Rama: A number of GOC-agreed QC checks have been added to Mike's checking script, which will go into production this weekend. Many annotations to 'binding' and where incorrect references are applied are being filtered. Curators are encouraged to review results of this check

IKR discussion

1. recommended that the documentation states that a value in the 'with/from' field should be mandatory where a GO_REF is applied for this annotation

2. QC checks should be applied to annotations using this evidence code to ensure the 'NOT' qualifier is always present, and a 'with/from' value always included when a GO_REF applied as reference.

3. UniProt will be able to supply IKR-evidenced NOT annotations using a GO_REF and a UniProt UniRule identifier in the 'with' field. Emily to supply a count of annotations that will be generated from UniPRot UniRule data, and supply an annotation example.

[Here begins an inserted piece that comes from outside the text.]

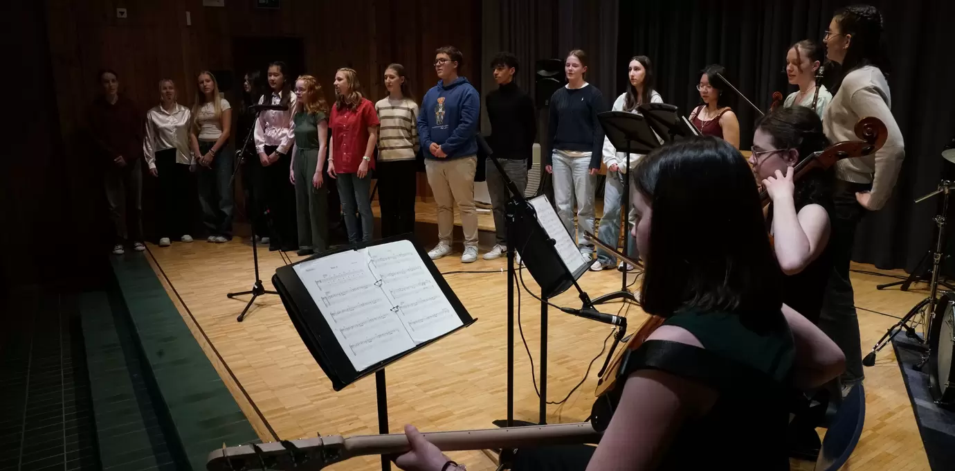 Der Chor cantacanti präsentiert zusammen mit der Schülerband static Musik aus den achziger Jahren.

4. Other changes made to this code were agreed upon. Emily to circulate the IKR draft documentation to the GO list and implement change on the GO website after 2 weeks unless any objections.

Redundant annotations

1. the column 17; gene_product_form_id field in GAFs supplies information on the precise gene product known to carry out a function/location. Therefore it should be considered a unique and important part of an annotation. Where two annotations exist which differ solely in that one contains a value in column 17 and one does not, groups should discuss which provides a more accurate representation of the data provided in the reference. It is expected that the annotation with column 17 filled will provide a better representation of data.

2. Column 16, the annotation_extension field also contains valuable data. The GO Consortium is encouraging greater expressivity in its annotation, therefore column 16 data should be included in the authoriative annotation set for any species. If a gene product localizes to the nucleus in both endothelial and epithelial cells, then col-16 has 2 cell types (endothelial and epithelial cell) and they are piped in col-16 all in one row of annotation. There can be lots of combinations of relationship-value pairs in col-16. Further discussions need to be had regarding the state of the format of column 16, as it is a released set of annotations. Improved documentation needs to be added to the GOC website

Emily to send list of relationship-value pairs used by GO annotation groups and draft col.16 documentation. The next GO annotation call on the 10th of April may well focus on the column 16 dataset.

Paul T: we need a working group to discuss how GO annotation expressivity can be improved, moving on from column 16.

3. Annotation IEA Filtering based on the provision of associations to both parent and child terms

Alex Mitchell, InterPro discussed benefits of not filtering annotations provided by InterPro2GO to parent and child terms (see above). Different InterPro IDs map to terms at different levels and different InterPro IDs can map to the same term (as shown for moeA5-http://www.ebi.ac.uk/QuickGO/GProtein?ac=A0A000). In this case, moeA5 is annotated to GO:30170 using different InterProIDs. Alex mentioned that 1 protein can belong to 2 rules/2 models. They are independent pieces of evidence. There are relationships between the InterPro Models.

Paul T.: however we need to evaluate what our users want to see. What do our users expect from our resource? Could the family/subfamily relationships provided by some InterPro member databases, and created by InterPro be used to filter out some of the redundant GO annotations? Action: Alex to investigate.

Kimberly: Should we move away from displaying a historial view of how annotations change over time (i.e. move away from every paper being annotated?)

Emily: as we're discussing the GO annotation that goes into the GOC database. Therefore we may want to be far more conservative in the filtering applied to the GO annotation set than when deciding upon the optimal web display of annotation data.